There is something about a road trip that creates an endless state of heightened excitement. It comes with a heart-in-mouth, funfair-like thrill. And no matter the destination, a road trip unfolds at the same, ascending rhythm.

Back roads are followed (whenever possible), motorway service stations are avoided (at all costs) and the countryside flits by with the same tempo as a rock song (cue Status Quo). If you’ve got wheels – be it a car, bike, or camper – these are the only road trips you should consider this summer.

1. Scotland’s North Coast 500

This circular route is a greatest hits of Scottish icons, stretching across 805km of lonely single-track. Skirting the coast from Inverness and the Black Isle, past the seaboard crags of Caithness, Sutherland and Wester Ross, it offers up uncanny ruins, rugged fairways, toothy castles, shingle-sand beaches, tiny fishing hamlets and peaty whisky distilleries. Even the name is a doff of the cap to The Proclaimers.

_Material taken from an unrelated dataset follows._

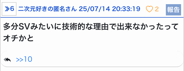 - 7二次元好きの匿名さん25/07/14(月) 20:33:32

Along the way, the road becomes a symphony, building note after note, bend by bend, from its rallying start through the east coast villages of Dornoch and Wick to Aultbea, Poolewe and Gairloch on the savage west coast. Here, it reaches a crescendo below the impregnable peaks of Loch Maree.

Finally, the road reaches the nuttily brilliant Bealach na Bà, which loops up and over the Applecross Peninsula like a piece of gigantic spaghetti. It could scarcely be more isolated or awe-inspiring.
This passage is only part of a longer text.